Question

Evaluate the given function and fill in the blanks: $\int{\sqrt{\dfrac{\cos x-{{\cos }^{3}}x}{1-{{\cos }^{3}}x}}dx=\_\_\_\_\_\_\_\_\_+C}$
$\left( \text{A} \right)\text{ }\dfrac{2}{3}{{\cos }^{-1}}\left( {{\sin }^{\dfrac{3}{2}}}x \right)$
$\left( B \right)\text{ }\dfrac{2}{3}{{\tan }^{-1}}\left( {{\cos }^{\dfrac{3}{2}}}x \right)$
$\left( \text{C} \right)-\dfrac{2}{3}{{\sin }^{-1}}\left( {{\cos }^{\dfrac{3}{2}}}x \right)$
$\left( D \right)\text{ }\dfrac{2}{3}{{\sin }^{-1}}\left( {{\sin }^{\dfrac{3}{2}}}x \right)$

Answer 1

Hint: In this question we have been given with a question of indefinite integrals which we have to solve.

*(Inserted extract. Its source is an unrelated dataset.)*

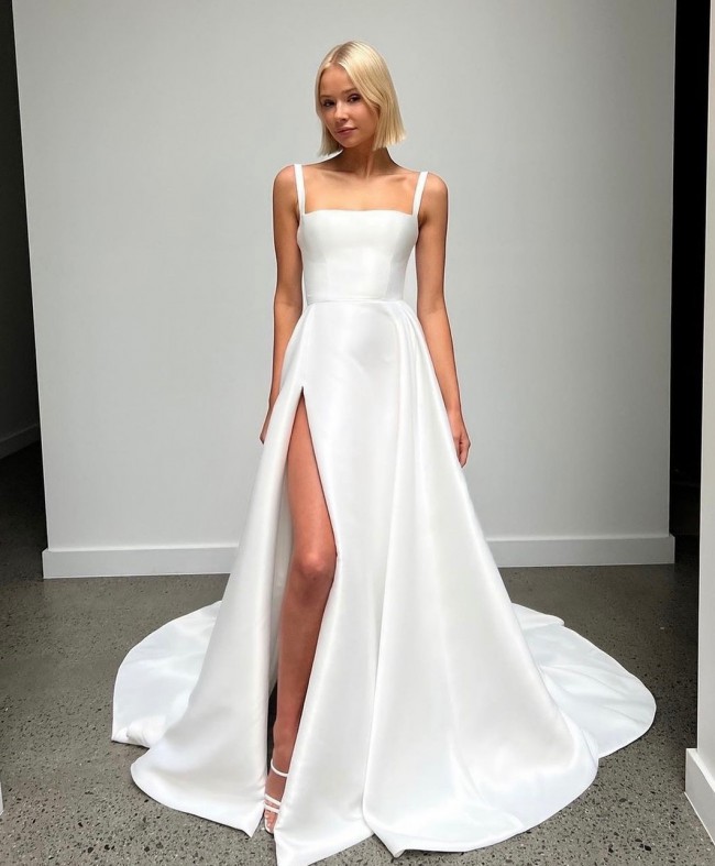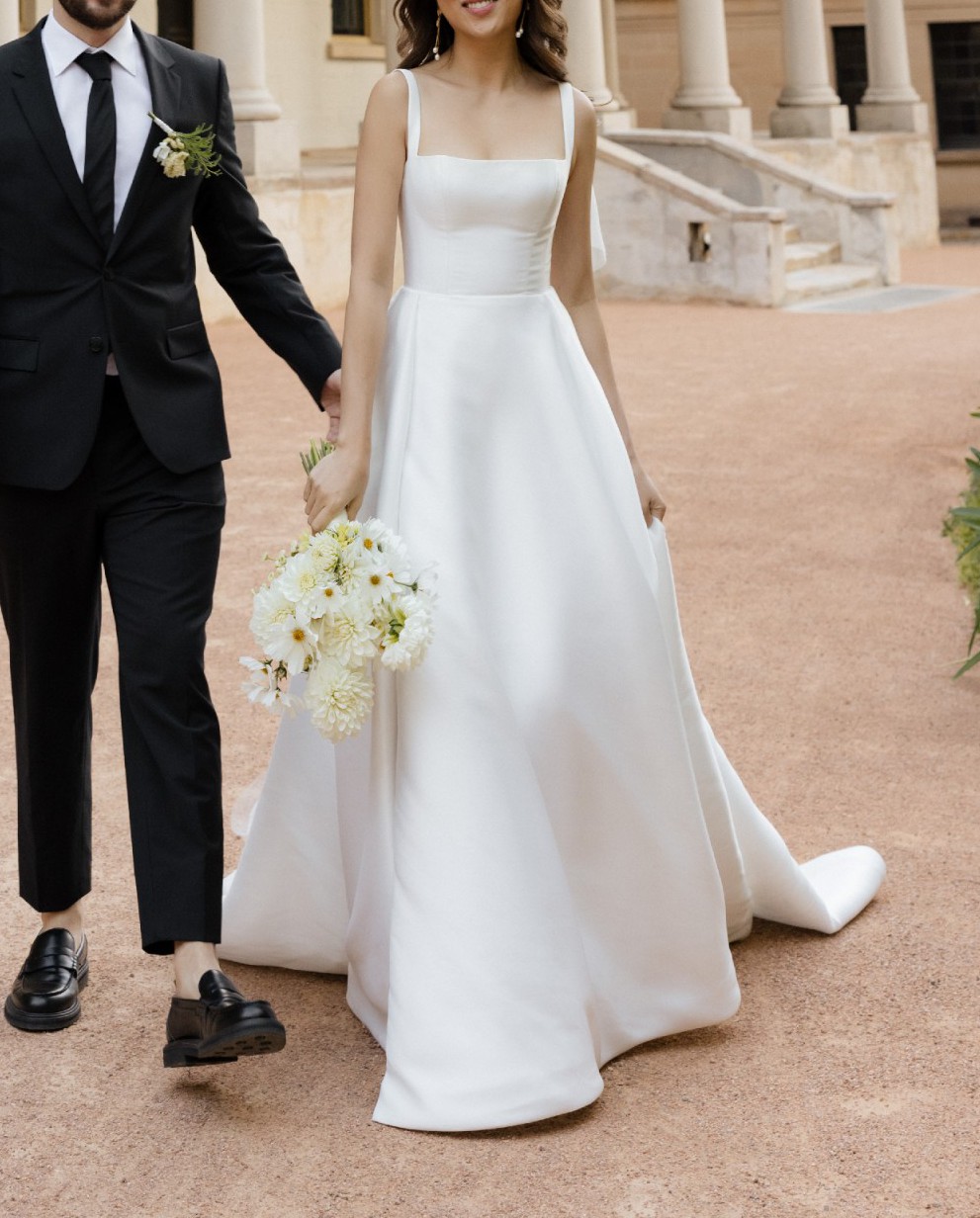 This wedding dress made me feel so beautiful and confident on my special day. The fitted corset gave me a flattering, slim silhouette while the structured, flowing skirt added volume and that little bit of drama. It was so comfortable, easy to get into, and supportive enough that no bra is needed.

We will first take $\cos x$ common in the numerator and convert it into the form of $\sin x$. We will then use appropriate substitution to get the expression in a simplified manner. After using the formula for integrating we will get the required solution and we will check which option is the correct solution.

Complete step-by-step solution:
We have the integral given to us as:
\[\Rightarrow \int{\sqrt{\dfrac{\cos x-{{\cos }^{3}}x}{1-{{\cos }^{3}}x}}}dx\]
In the numerator, we can see that the term $\cos x$ is common therefore on taking it out, we get:
\[\Rightarrow \int{\sqrt{\dfrac{\cos x\left( 1-{{\cos }^{2}}x \right)}{1-{{\cos }^{3}}x}}}dx\]
Now we know the trigonometric formula that ${{\sin }^{2}}x+{{\cos }^{2}}x=1$ which implies $1-{{\cos }^{2}}x={{\sin }^{2}}x$ therefore, on substituting it in the expression, we get:
\[\Rightarrow \int{\sqrt{\dfrac{\cos x\left( {{\sin }^{2}}x \right)}{1-{{\cos }^{3}}x}}}dx\]
Now in the numerator, we have a term in square under the square root therefore on taking it out, we get:
\[\Rightarrow \int{\sqrt{\dfrac{\cos x}{1-{{\cos }^{3}}x}}\times \sin xdx}\]
Now we know that square root can be written in the exponent form as ${{a}^{\dfrac{1}{2}}}$ therefore the numerator can be written as:
\[\Rightarrow \int{\dfrac{{{\cos }^{\dfrac{1}{2}}}x\cdot \sin x}{\sqrt{1-{{\cos }^{3}}x}}dx}\]
Now the term ${{\cos }^{3}}x$ in the denominator can be written as \[{{\left( {{\cos }^{\dfrac{3}{2}}}x \right)}^{2}}\] because according to the law of exponents nothing it being changed.
On substituting, we get:
\[\Rightarrow \int{\dfrac{{{\cos }^{\dfrac{1}{2}}}x\cdot \sin x}{\sqrt{1-{{\left( {{\cos }^{\dfrac{3}{2}}}x \right)}^{2}}}}dx}\]
Now on substituting $t={{\cos }^{\dfrac{3}{2}}}x$
On differentiating, we get $dt=\dfrac{3}{2}{{\cos }^{\dfrac{1}{2}}}x\left( -\sin x \right)dx$
On rearranging the terms, we get $-\dfrac{2}{3}dt={{\cos }^{\dfrac{1}{2}}}x\sin xdx$.
On substituting it in the expression, we get:
\[\Rightarrow -\dfrac{2}{3}\int{\dfrac{dt}{\sqrt{1-{{t}^{2}}}}}\]
Now we know that $\int{\dfrac{1}{\sqrt{{{a}^{2}}-{{x}^{2}}}}={{\sin }^{-1}}\left( \dfrac{x}{a} \right)}+C$ therefore on integrating, we get:
\[\Rightarrow -\dfrac{2}{3}{{\sin }^{-1}}\left( \dfrac{t}{1} \right)+C\]
On resubstituting the value of $t$, we get:
\[\Rightarrow -\dfrac{2}{3}{{\sin }^{-1}}\left( {{\cos }^{\dfrac{3}{2}}}x \right)+C\], which is the required solution therefore the correct option is $\left( C \right)$.

Note: In this question we used the substitution method to solve the integral. It is to be remembered that in an indefinite integral there are no limiting conditions. It is also to be remembered that integration and derivatives are opposite of each other. If the integration of a term $a$ is $b$, then the derivative of the term $b$ will be $a$.